» **PROVIDED DATA**:
^^^^^^^^^^^^^^^^

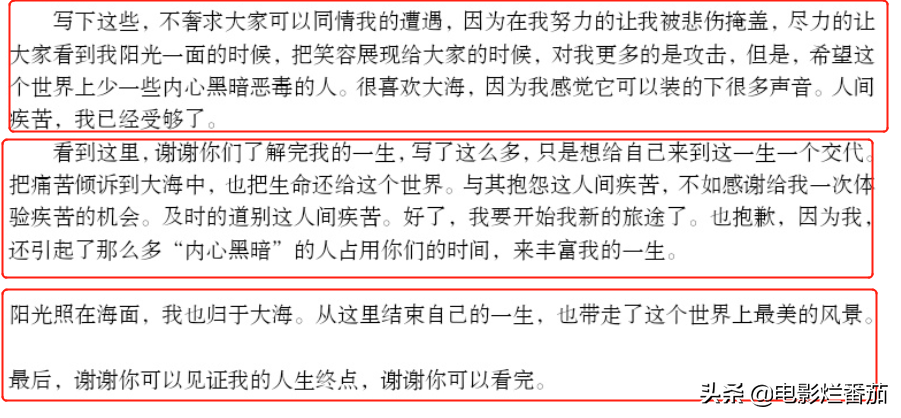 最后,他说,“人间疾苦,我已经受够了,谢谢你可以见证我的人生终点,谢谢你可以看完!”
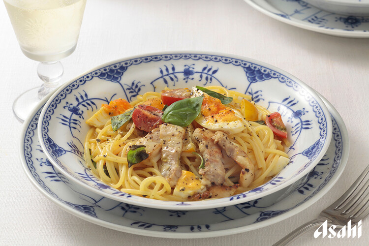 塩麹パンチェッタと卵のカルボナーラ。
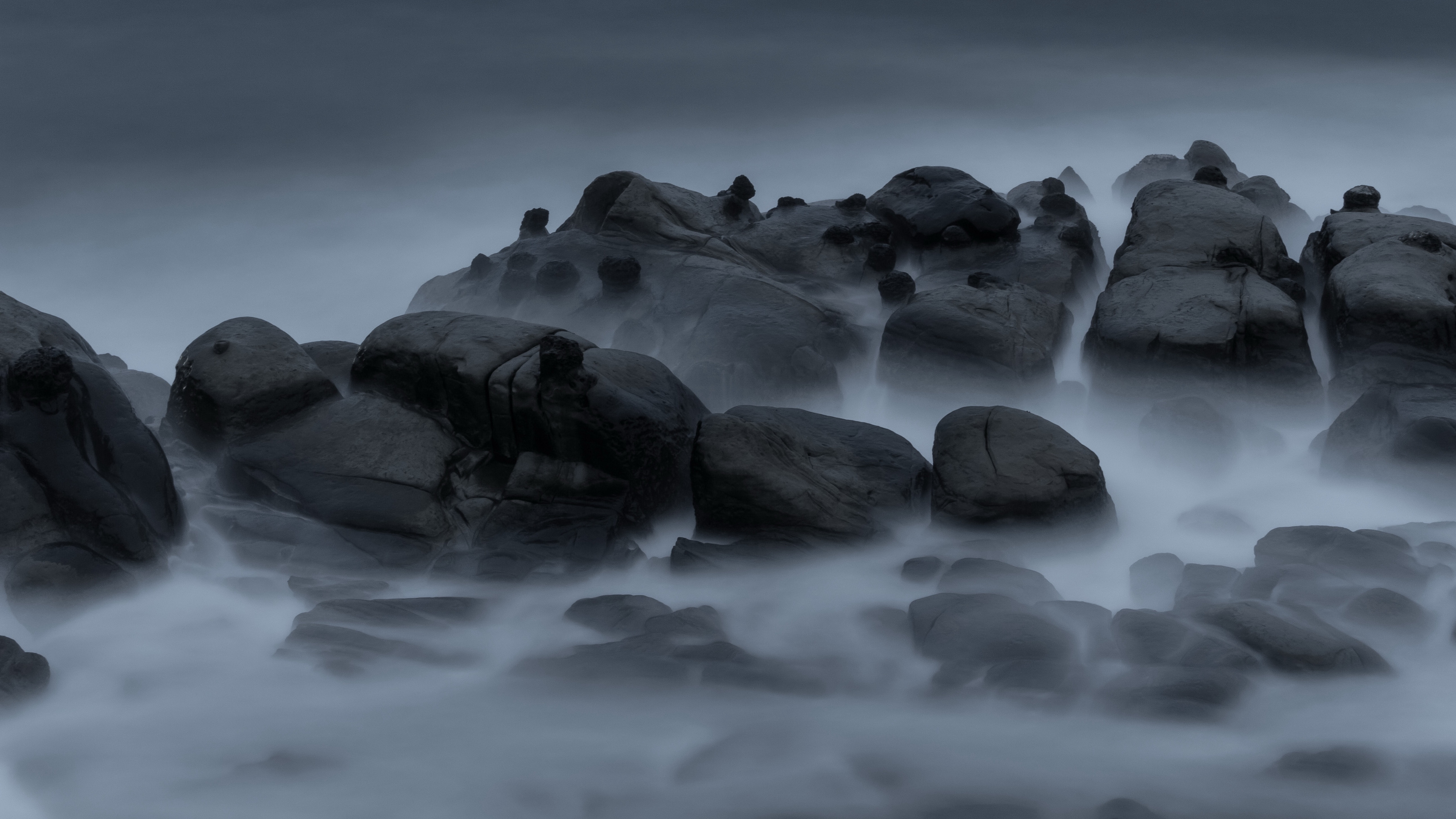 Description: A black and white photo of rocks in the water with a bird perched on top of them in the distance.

^^^^^^^^^^^^^^^^

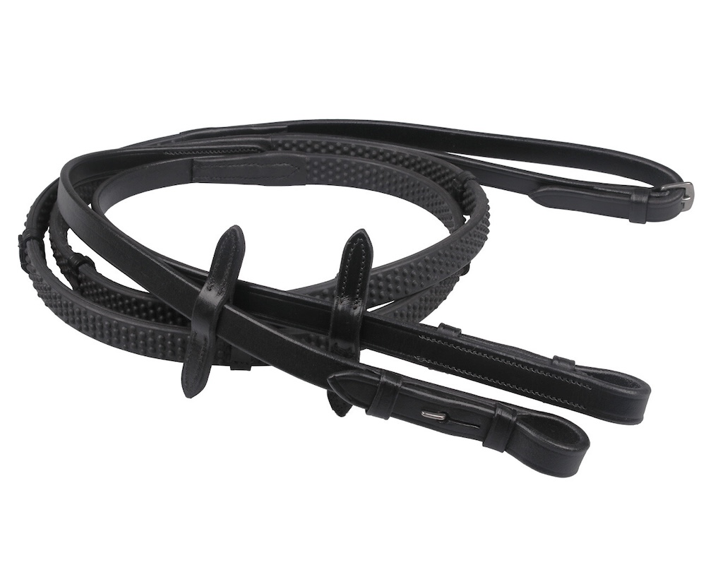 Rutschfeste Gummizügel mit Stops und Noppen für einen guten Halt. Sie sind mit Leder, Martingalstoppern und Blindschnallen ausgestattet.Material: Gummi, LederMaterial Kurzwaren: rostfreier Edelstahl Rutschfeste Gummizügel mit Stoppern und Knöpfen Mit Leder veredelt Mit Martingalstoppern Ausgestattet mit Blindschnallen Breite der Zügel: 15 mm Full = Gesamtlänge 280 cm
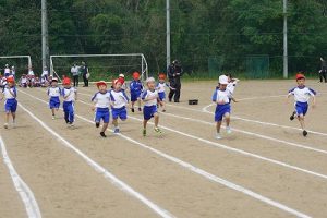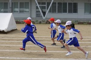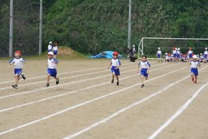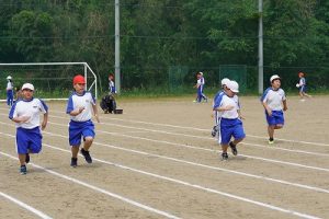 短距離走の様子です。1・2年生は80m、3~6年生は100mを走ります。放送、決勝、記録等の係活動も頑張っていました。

^^^^^^^^^^^^^^^^

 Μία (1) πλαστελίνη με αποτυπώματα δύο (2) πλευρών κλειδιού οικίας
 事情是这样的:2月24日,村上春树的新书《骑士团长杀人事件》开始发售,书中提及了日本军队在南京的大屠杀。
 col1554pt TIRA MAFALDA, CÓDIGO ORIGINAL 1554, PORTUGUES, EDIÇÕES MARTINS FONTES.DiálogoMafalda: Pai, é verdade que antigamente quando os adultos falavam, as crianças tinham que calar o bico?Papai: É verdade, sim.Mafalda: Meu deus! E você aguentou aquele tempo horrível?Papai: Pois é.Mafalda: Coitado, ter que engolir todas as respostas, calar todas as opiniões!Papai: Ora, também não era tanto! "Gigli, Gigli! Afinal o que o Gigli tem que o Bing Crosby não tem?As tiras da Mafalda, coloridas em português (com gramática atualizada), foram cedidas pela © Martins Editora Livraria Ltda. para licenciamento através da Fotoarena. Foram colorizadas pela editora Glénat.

^^^^^^^^^^^^^^^^

» **WORK ITEM**: Where a picture appears in the records above, omit it, and transcribe exactly the stretch of lines from the one with "塩麹パンチェッタと卵のカルボナーラ。" through the one with "Description: A black".

» **RESULT OF THE EXERCISE**:
 塩麹パンチェッタと卵のカルボナーラ。
 Description: A black and white photo of rocks in the water with a bird perched on top of them in the distance.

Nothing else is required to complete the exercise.